My mother briskly pushed away from the table and announced she was going for a walk

Just like that, she disappeared—the same way she would disappear decades earlier, when I was just a kid who realized I couldn't trust her to be there for me emotionally.

There are some things about my mother, who passed four years ago, that I remember with immense fondness: she had a big, raspy laugh and made a great roast chicken. She would send me care packages when I lived out of the country and always write funny cards for my birthday. But one-on-one, or in any situation that required her to demonstrate some thoughtfulness, compassion, and equilibrium, she simply couldn’t. She yelled, judged, mocked, and spanked. And when my son was born, with huge brown eyes and the most lovable nature, she treated him with the same indifference that she had treated me as a child.

"Isn't he great?" I would say.

She never seemed to agree.

It was less shocking, than heartbreaking

The realization that my mother, in her late 70s, wasn’t going to change. How could she not fall in love with this beautiful baby, her first grandchild I kept wondering, even as she managed to pay him little attention? And even though she only lived two hours away, she also managed to avoid coming to visit more than once a year. When she did come, she would claim to be “too tired” to read him books or take him for a stroll.

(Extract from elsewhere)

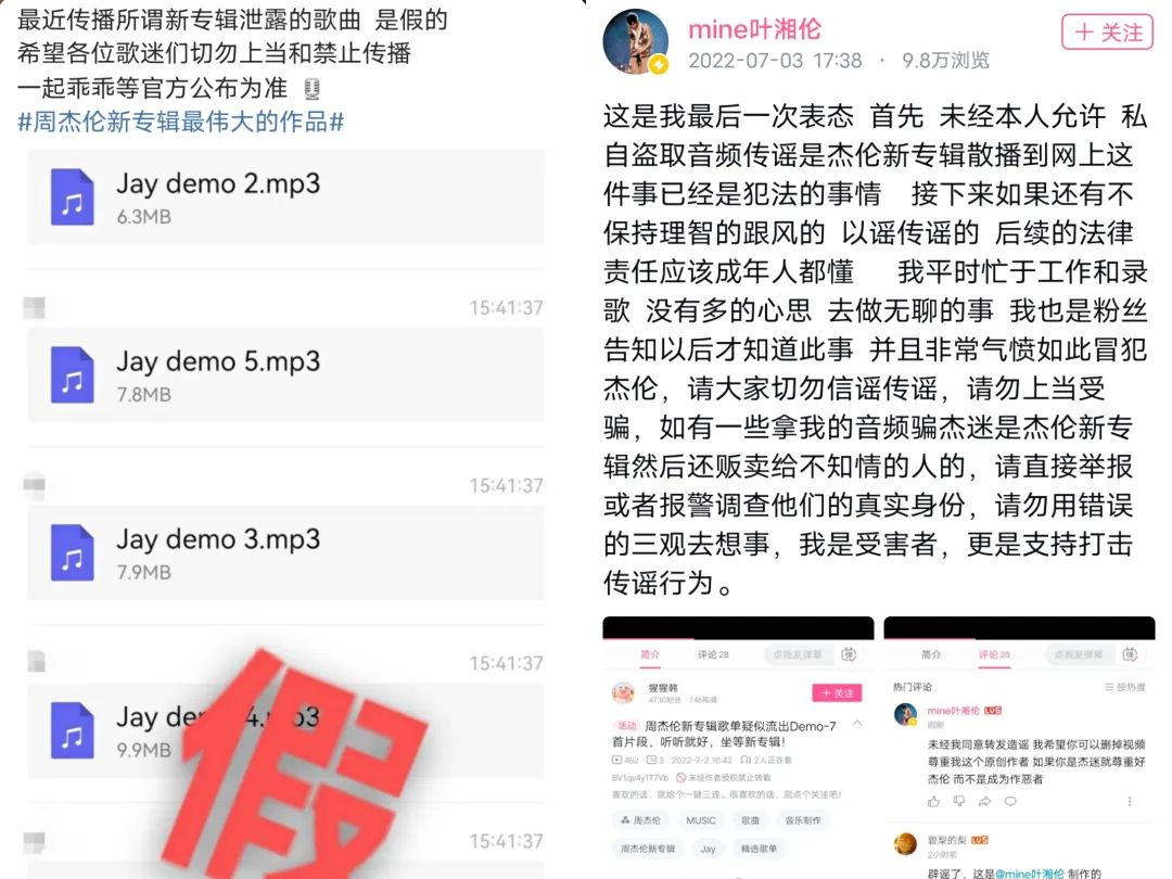相比起部分听众的偏听偏信,专辑团购群内的杰迷俨然资深老粉,通过唱腔、咬字等细节辨别:“这不是杰伦,你听他唱就感觉舌头是弯的”,“周游的咬字有些故意,很不像”,“曲风很像Q音三巨头”。粉丝们纷纷在群内号召其他人一起去各个社交媒体“打假”,随着参与粉丝越来越多,demo原作者B站UP主“mine叶湘伦”很快在B站公开发表声明,这场乌龙也因此得以平息。

I just let her walk away, deciding that I would no longer get emotionally involved in what was truly her loss, as a mother, grandmother and human being.

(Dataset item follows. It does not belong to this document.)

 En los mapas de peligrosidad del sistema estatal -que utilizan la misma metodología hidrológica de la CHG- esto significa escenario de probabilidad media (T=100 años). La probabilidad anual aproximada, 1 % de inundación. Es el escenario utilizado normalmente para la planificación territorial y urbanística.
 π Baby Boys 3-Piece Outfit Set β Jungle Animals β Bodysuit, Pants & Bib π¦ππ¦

“What is it?” I asked her one day as she sat on the couch leafing through the newspaper, while my son played at her feet.

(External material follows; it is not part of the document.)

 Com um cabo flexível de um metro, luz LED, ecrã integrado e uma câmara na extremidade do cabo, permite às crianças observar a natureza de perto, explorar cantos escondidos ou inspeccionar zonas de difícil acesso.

“What is what?” she snapped.

“Why do you come up, if you don’t want to do anything with us?”

She gave me a sneer so familiar from my own childhood that I almost couldn’t look. Finally she said, “If that’s your attitude, I’ll just leave.”

And she did

When my daughter, a blue-eyed pixie, was born two years after my son, my mother’s interest didn’t pick up. In fact, claiming a busy social schedule at the time of the birth, it took her a week to come meet her first granddaughter.

I tried to understand and be more welcoming. I tried bringing the kids to visit her regularly and prompting them to “ask Grandma to play.” I encouraged them to behave around her, to be as pleasant as possible, well-mannered, extra polite. It was exhausting and yielded no results. She still judged my parenting and complained about my perfectly delightful kids.

So I finally decided, as my son stirred his broccoli and my mother stormed away mid-meal to go take a walk, that if she couldn’t have a loving relationship with my children, then I had to let it go.

I didn't say anything. I didn't have to. I just let her walk away, deciding that I would no longer get emotionally involved in what was truly her loss, as a mother, grandmother and human being.

I'm not sure she even noticed

I never stopped my mother from seeing my children, but I stopped promoting the relationship that she was unwilling to have with them. There came a point when we would visit my mother, and beyond the expectation that my son and daughter be polite, I didn’t care if they made any effort at all. I had already endured my own childhood of longing. I had already futilely invested too many years in hoping my mother would someday turn attentive. And I didn’t want to spend the next two decades waiting to see if she would finally grow up.